Updated: 2010-07-08 10:09
(Agencies)

Review: `Predators' multiplies the original

The little "s" in "Predators" winkingly promises more beasts in the latest sequel to John McTiernan's 1987 original (and singular) "Predator."

The subtle ploy worked for "Aliens," and one wonders if a simple twist of plurality would entice as well in follow-ups such as "Taxi Drivers" or "The Apartments."

Nevertheless, true to its pledge, "Predators" supplies a whole bunch of 'em, in various shapes and sizes.

This, the third "Predator" film (there have also been two "Predator vs. Alien" spinoffs), opens with Adrien Brody in free-fall.

His parachute barely opens in time, and he crashes hard onto the floor of a jungle. Others fall around him, and soon a group of eight gathers to make sense of their situation.

They are all mercenaries of various sorts, among them a Mexican drug cartel veteran (Danny Trejo), a Brazilian black ops sniper (Alice Braga) and a Yakuza assassin (Louis Ozawa Changchien).

Topher Grace, playing a doctor and the least muscular of the bunch, also drops in for comic relief.

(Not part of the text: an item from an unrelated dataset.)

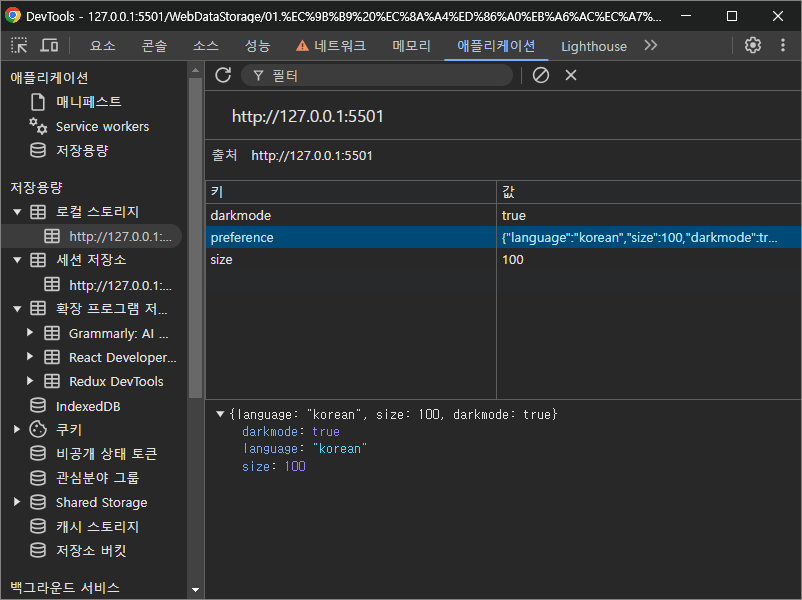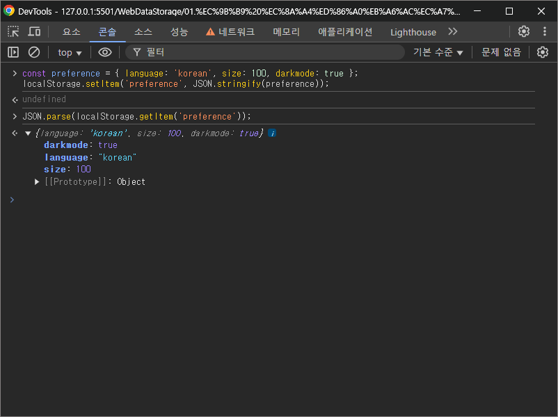 const preference = { language: 'korean', size: 100, darkmode: true };

The always entertaining Grace does help enliven the purposeful grimness of "Predators," as does Walton Goggins (exceptional in the FX series "Justified"), who plays a wild death-row inmate, still clad in orange jumpsuit.

This motley crew knows not how or why they've been assembled. But when they get their first sense of the lurking predators (still with the dreadlocked monster look of the original) and notice the sky contains a few too many moons, it dawns on them that they've been transported to another planet to serve as little more than the game of a predator game preserve.

There are, of course, a few holes in such a plot and, thankfully, "Predators" doesn't try to explain them. It's enough that a gang of alien predators and a gang of human predators square off — or so goes the appeal of this and earlier "Predator" films.

The "most dangerous game" thrill is so much the center of "Predator" movies that there's almost nothing else to it. The hunter vs. hunted dynamic climaxes when the star — first Arnold Schwarzenegger, now Brody — covers himself in mud.

For those unfamiliar with the sensory capabilities of the predator species, mud-caking is done to disrupt their infrared vision. As in the original, we're occasionally treated to their blurry, red-and-orange point-of-view, which remains the most interesting visual of the series.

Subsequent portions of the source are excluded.